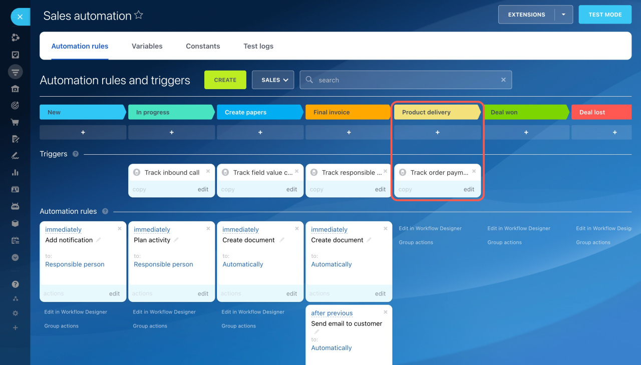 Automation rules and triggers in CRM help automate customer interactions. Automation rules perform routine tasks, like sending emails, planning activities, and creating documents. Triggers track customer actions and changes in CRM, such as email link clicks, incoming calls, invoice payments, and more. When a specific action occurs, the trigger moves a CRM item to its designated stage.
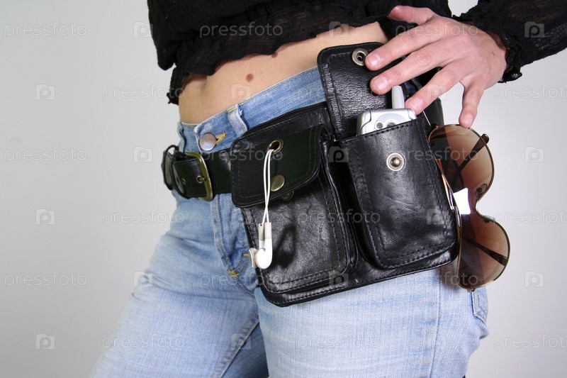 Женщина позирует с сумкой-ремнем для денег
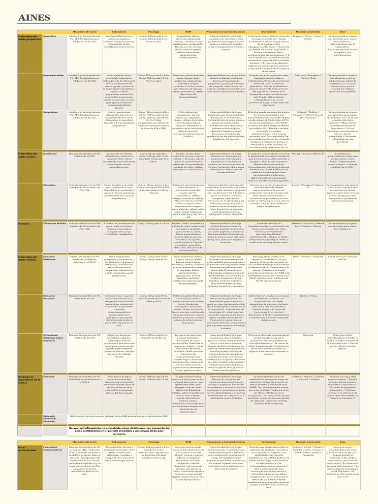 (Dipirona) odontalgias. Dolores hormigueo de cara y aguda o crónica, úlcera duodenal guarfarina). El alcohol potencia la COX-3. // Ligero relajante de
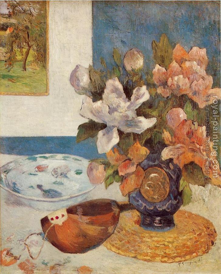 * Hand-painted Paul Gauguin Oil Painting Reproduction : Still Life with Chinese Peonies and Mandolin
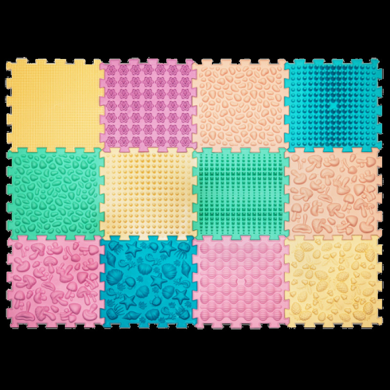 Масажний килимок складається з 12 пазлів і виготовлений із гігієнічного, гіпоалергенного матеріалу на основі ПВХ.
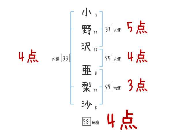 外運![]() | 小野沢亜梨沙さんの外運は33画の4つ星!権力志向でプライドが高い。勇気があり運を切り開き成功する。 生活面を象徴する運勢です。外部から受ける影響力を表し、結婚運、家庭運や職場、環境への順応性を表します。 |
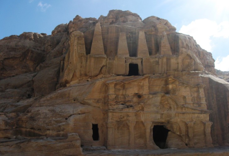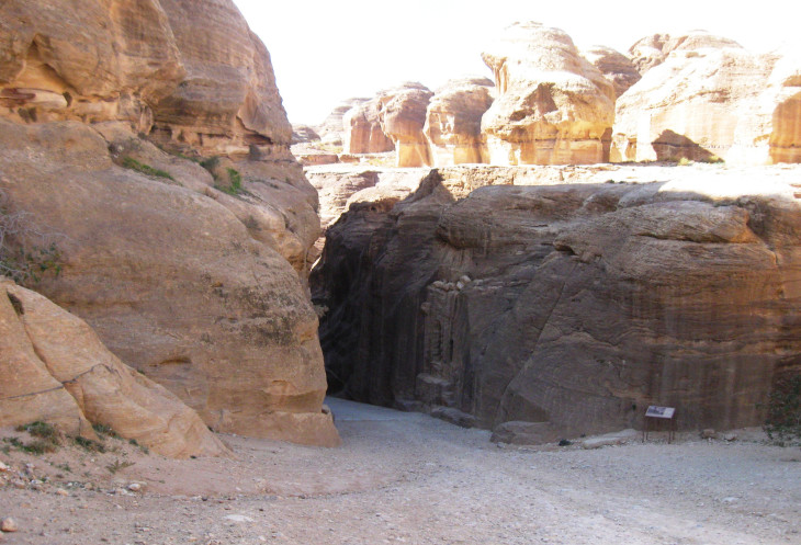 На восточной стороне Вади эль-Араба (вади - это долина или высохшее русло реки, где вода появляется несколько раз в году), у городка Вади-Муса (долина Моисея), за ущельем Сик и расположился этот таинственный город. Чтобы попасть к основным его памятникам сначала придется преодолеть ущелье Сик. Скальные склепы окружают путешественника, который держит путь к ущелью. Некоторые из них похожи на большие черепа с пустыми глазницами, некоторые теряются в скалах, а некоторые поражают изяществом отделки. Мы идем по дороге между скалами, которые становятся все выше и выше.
☆ ☆ ☆
_Exercise goal_.
Your task is to repeat only the lines from the line containing "Peonies and Mandolin" through the final line of the material, inclusive; do not include pictures.

_Result below_.
 * Hand-painted Paul Gauguin Oil Painting Reproduction : Still Life with Chinese Peonies and Mandolin
 Масажний килимок складається з 12 пазлів і виготовлений із гігієнічного, гіпоалергенного матеріалу на основі ПВХ.
 外運![]() | 小野沢亜梨沙さんの外運は33画の4つ星!権力志向でプライドが高い。勇気があり運を切り開き成功する。 生活面を象徴する運勢です。外部から受ける影響力を表し、結婚運、家庭運や職場、環境への順応性を表します。 |
 На восточной стороне Вади эль-Араба (вади - это долина или высохшее русло реки, где вода появляется несколько раз в году), у городка Вади-Муса (долина Моисея), за ущельем Сик и расположился этот таинственный город. Чтобы попасть к основным его памятникам сначала придется преодолеть ущелье Сик. Скальные склепы окружают путешественника, который держит путь к ущелью. Некоторые из них похожи на большие черепа с пустыми глазницами, некоторые теряются в скалах, а некоторые поражают изяществом отделки. Мы идем по дороге между скалами, которые становятся все выше и выше.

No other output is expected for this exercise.